Does using your SMSF to buy property make financial sense?

By
Sue Williams
April 2, 2025
housing market, Domain house price prediction, will Melbourne house prices drop 2024
Using savings in a self-managed super fund to buy property is becoming increasingly popular. Photo: Vaida Savickaite

Using savings in a self-managed super fund (SMSF) to buy property is becoming increasingly popular, with Australian Taxation Office figures showing a rise of 26.4 per cent to $55.2 billion over the three years to June 2024. But does it really make financial sense?

Like everything, it depends on personal circumstances – and the quality of the investment property – but, generally, it can be an excellent wealth creation tool, experts say.

“If you have $200,000 in super and use that to buy a $1 million property, then you’re getting, say, 6-7 per cent growth on $1 million rather than 6-7 per cent growth on $200,000,” says Shore Financial chief executive Theo Chambers.

“The compounding effect of the leverage makes a big difference.
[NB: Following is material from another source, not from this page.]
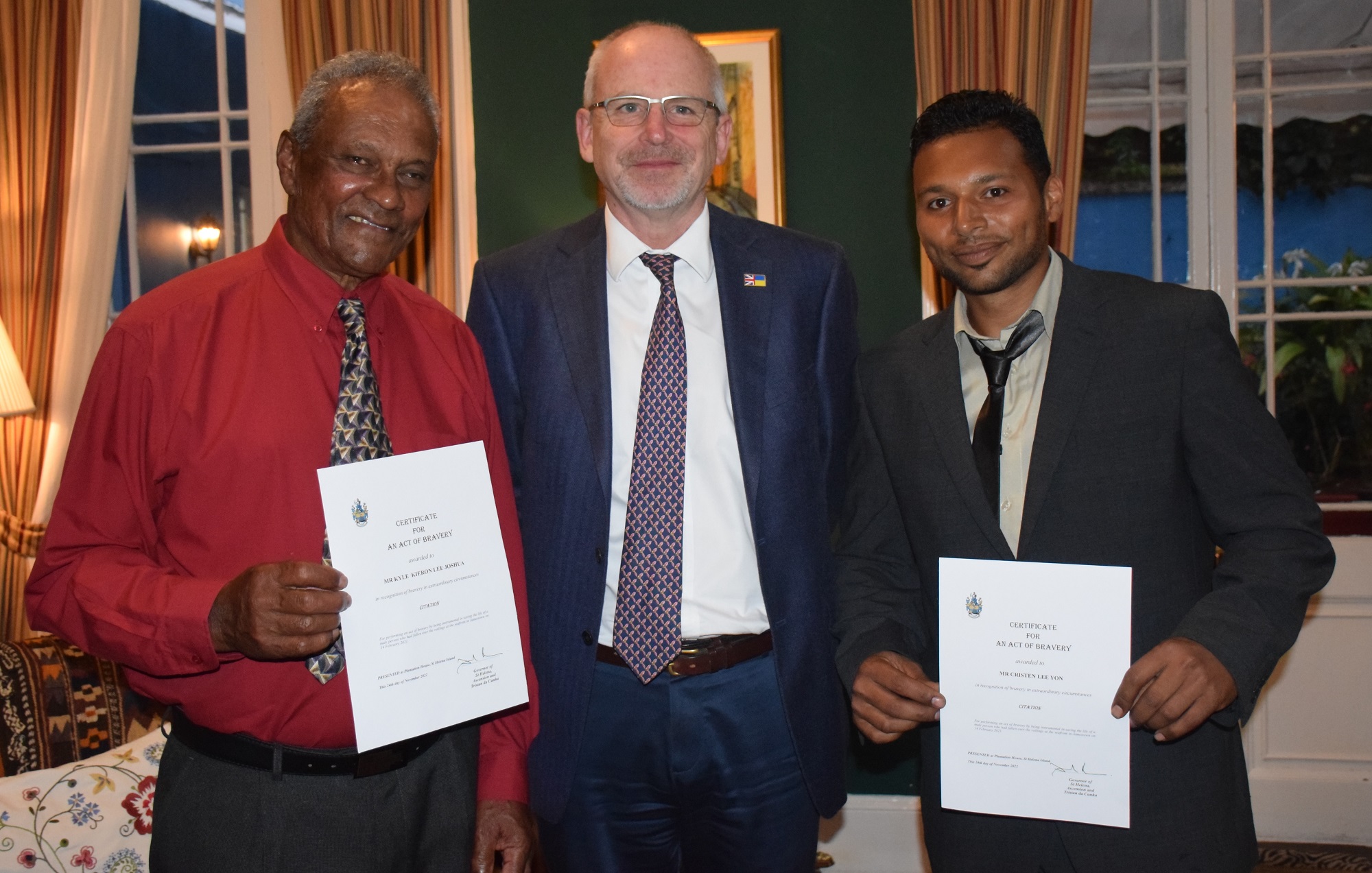 On Thursday 24 November 2022, Act of Bravery Awards were presented to Cristen Yon and Kyle Joshua in a reception at Plantation House. As Kyle Joshua is currently off-Island, his father Keith (KJ) Joshua received the award on his behalf.

And if you sell a property after retirement, it’s capital gains tax-free.

“Australians live and breathe property, so a lot of people prefer putting money into real estate than managing investments.”

'Australians live and breathe property, so a lot of people prefer putting money into real estate than managing investments.' Photo: Vaida Savickaite

In addition, Chambers says, SMSF lending has become more accessible, with more lenders in the space offering favourable terms.
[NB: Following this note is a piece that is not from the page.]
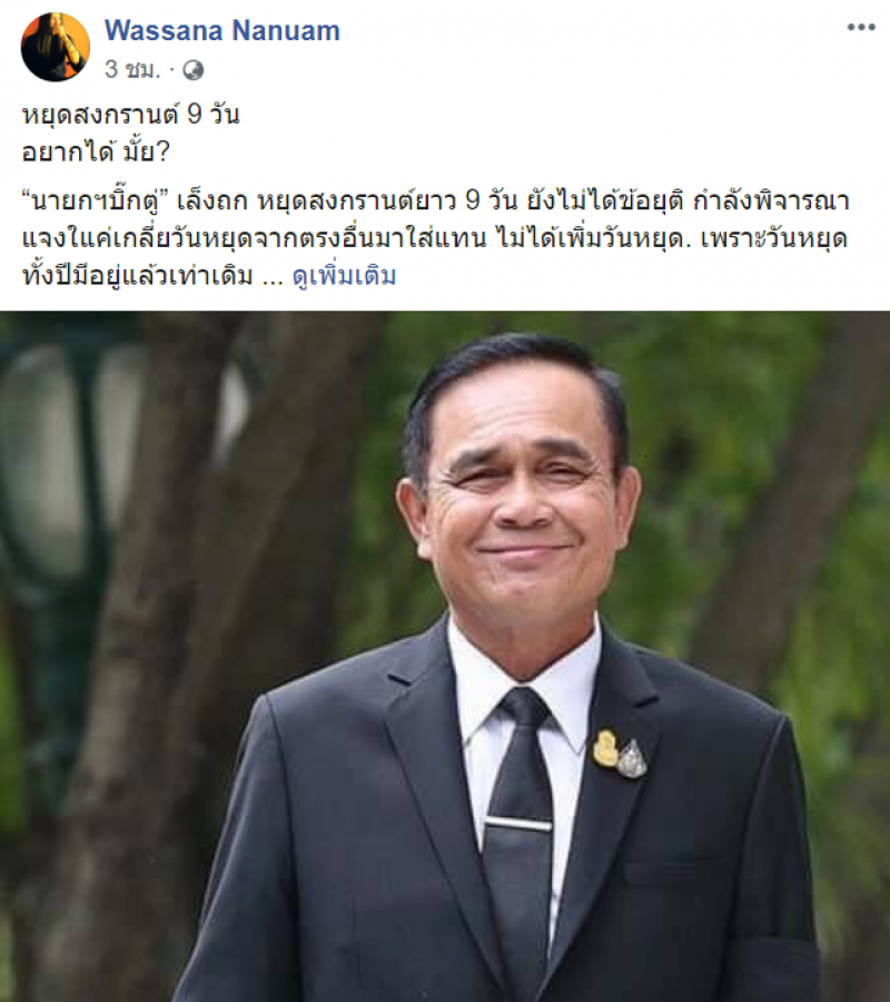 นายกฯบิ๊กตู่ เล็งถก หยุดสงกรานต์ยาว 9 วัน ยังไม่ได้ข้อยุติ กำลังพิจารณา แจงแค่เกลี่ยวันหยุดจากตรงอื่นมาใส่แทน ไม่ได้เพิ่มวันหยุด. เพราะวันหยุดทั้งปีมีอยู่แล้วเท่าเดิม พล อ ประยุทธ์ จันทร์โอชา นายกรัฐมนตรี และ รมว.กลาโหม ให้สัมภาษณ์ถึงข้อเสนอจากทีมเศรษฐกิจเพิ่มวันหยุดยาว 9 วันในช่วงเทศกาลสงกรานต์ เพื่อกระตุ้นเศรษฐกิจ ว่า ขณะนี้ยังไม่มีข้อยุติ อยู่ระหว่างการพิจาณากันอยู่ ไม่ได้เพิ่มอะไร ถ้าจะทำก็ไม่ได้เพิ่มอะไร เป็นเพียงแค่การเกลี่ยวันหยุดจากตรงอื่นมาใส่ตรงนี้แทน ไม่ได้เพิ่มวัน เพราะวันหยุดทั้งปีมีอยู่แล้วเท่าเดิม ขณะนี้เขากำลังพิจารณากันอยู่

These include higher loan-to-value ratios of up to 90 per cent, and taking into account future super contributions as well as those in the past.

The lacklustre performance of traditional super funds is also a big factor in the dramatic surge in SMSF investing.
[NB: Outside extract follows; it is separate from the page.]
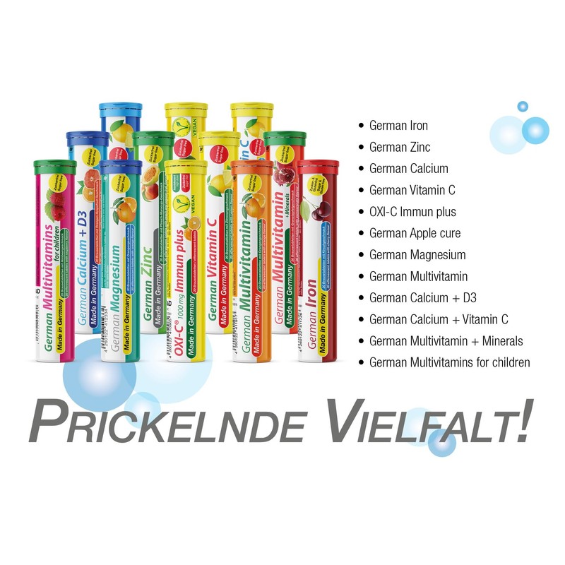 By the way, did you know that about 30% of Germans consume less vitamin C with food than recommended by nutritional scientific societies. This is even more true if there are not enough fresh fruit and vegetables available. German vitamin C closes this supply gap without an overdose, as with some other preparations.

Palise Property founder and director Steve Palise points out that 76 per cent of actively managed Australian equities funds underperformed the ASX 200, according to the latest S&P Indices Versus Active mid-year 2024 report by S&P Global.

“When I started my business four to five years ago, just one in 15 people [6.67 per cent] were using their SMSF to invest in property, and that’s now about 30 per cent and increasing,” he says.

“We’ve had huge interest rate increases over that time, but investors want to keep investing.

“Often, they have no idea how much super they have, but they’ll always know the value of a house they’ve invested in, how much it’s worth now and how much they’ve made.

“Most people know property too, and they know they can value add with renovations, then sell and buy something more expensive.”

'You need to buy something that ticks all the boxes,' Palise Property founder and director Steve Palise says. Photo: Greg Briggs

The critical element, however, is that the investment asset is a good one, Palise says.

Ideally, it will be something that can be improved so it appreciates in value with little risk. It should also provide a good cash flow from the rent.

“You need to buy something that ticks all the boxes, like a three to four-bedroom house in a good area with good infrastructure, a low vacancy rent and a short time on market,” Palise says.

“More people are also now buying commercial property because you can get three times the rent and pay the investment down faster.”

Stewart Residential director Ben Stewart works on a number of prestige developments in Sydney and says he’s noticed an increased appetite from clients seeking to use their SMSFs.

“That’s especially older, more mature people in their 50s and 60s who have built up some funds.” he says.

“We’re also seeing a lot more investors buying now, which we hadn’t seen for three or four years.

“We’re seeing that [in] projects like Aura by Aqualand in North Sydney where investors are buying one to two-bedroom apartments. They know housing is a great asset.”